Advantages of this method:
- Include quantitative injection of materials into cells
- Simultaneous introduction of several materials into a large number of cells
- Minimal damage to the cell
- Avoidance of degradation effects of lysosomal enzymes
- And simplicity of the technique.
- Need for a larger size of fused cells, thus making them amenable to RES clearance
- Adverse effects of fusogens
- And unpredictable effects on cell resulting from the co introduction of various components.
Hence, this method is limited to mainly cell biological applications rather than drug delivery.

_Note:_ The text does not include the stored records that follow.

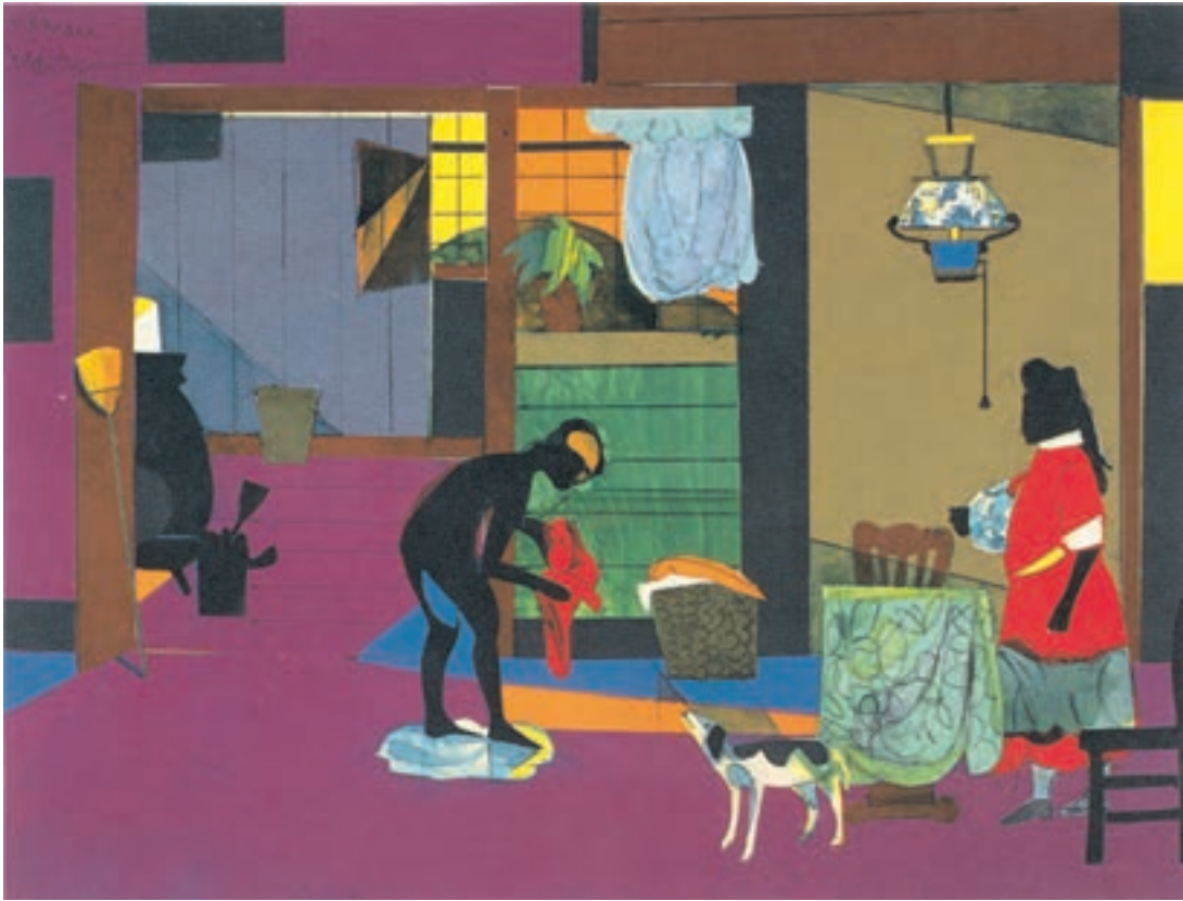
تصویر ۱۴-۳- اثر ژمار بردن ۱ ، کلاژ و ترکیب مواد، (۱/۴۵×۳۴/۹ سانتی متر)
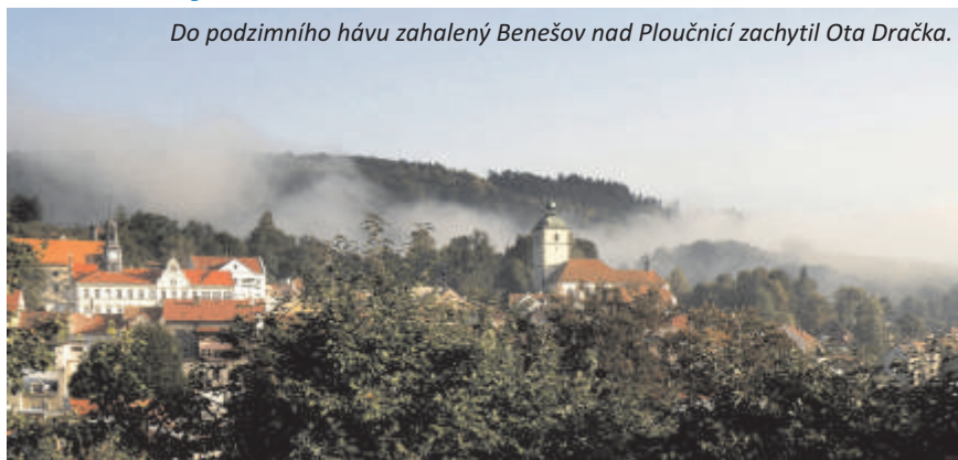
Do podzimního hávu zahalený Benešov nad Ploučnicí zachytil Ota Dračka.

Prioritami příštího roku bude dofinancování opravy mostu na Sokolský vrch, v případě přidělení dotace pak zateplení a výměna oken na nové škole, další etapa vý-
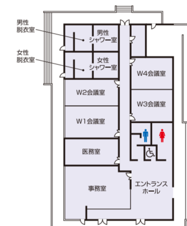
クラブハウス西棟平面図
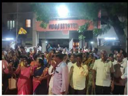
విజయవాడలో రోడ్డుపైకి వచ్చి విజిల్ ఊదుతున్న కార్యకర్తలు
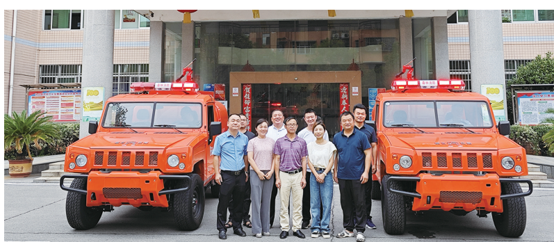
渌口区林业局森林消防车交车仪式现场。

下阶段,渌口区将结合全省森林防火基础设施建设“两年行动”,持续完善林火阻隔网建设,加大巡护宣传演练培训力度,全面构建“人防、物防、技防”三防模式,为人民群众生命财产和森林资源安全保驾护航。
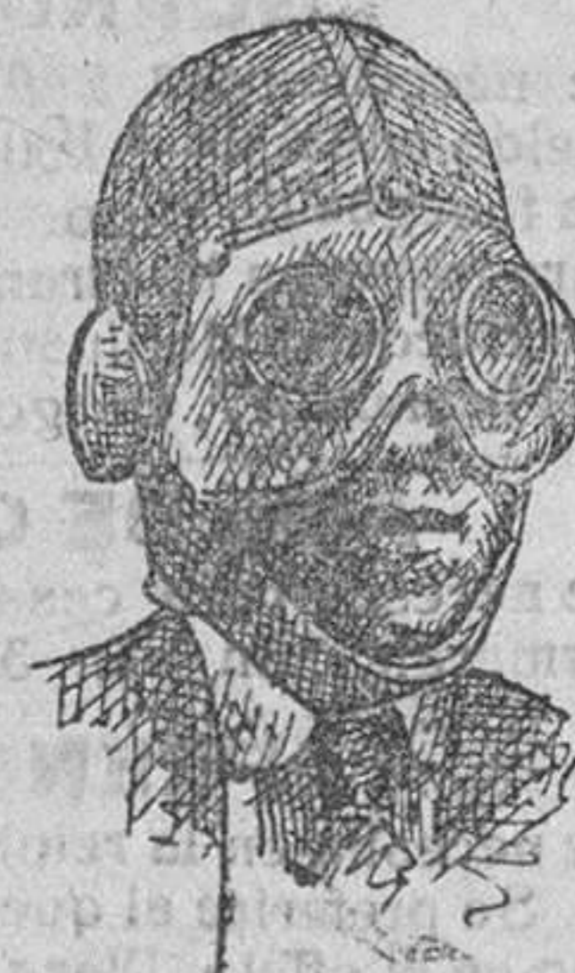
Cascos para motoristas a 5 pts. Gafas, 5 50
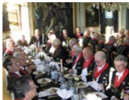
Måltidskalaset i den Gustavianska matsalen.
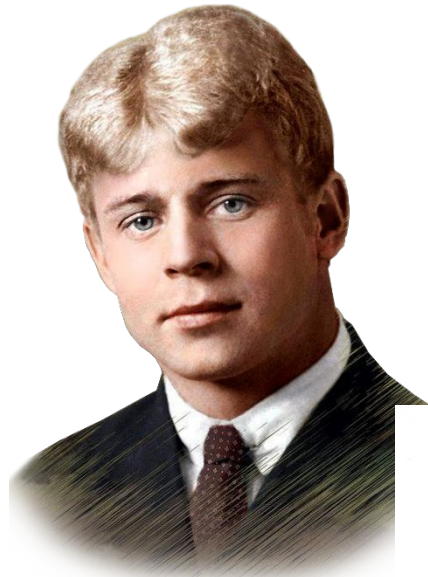
Сергей Александрович ЕСЕНИН 1895 - 1925

Novel Approaches (Recent Developments) 20, 21:
- Erythrosomes: These are specially engineered vesicular systems that are chemically cross-linked to human erythrocytes’ support upon which a lipid bilayer is coated. This process is achieved by modifying a reverse-phase evaporation technique. These vesicles have been proposed as useful encapsulation systems for macromolecular drugs.
- Nanoerythrosomes: These are prepared by extrusion of erythrocyte ghosts to produce small vesicles with an average diameter of 100 nm. Daunorubicin was covalently conjugated to nanoerythrosomes using gluteraldehyde spacer. This complex was more active than free daunorubicin alone, both in vitro and in vivo. Moreover, the complex appears to be stable and maintain both cytotoxic and antineoplastic activity of daunorubicin against leukemia.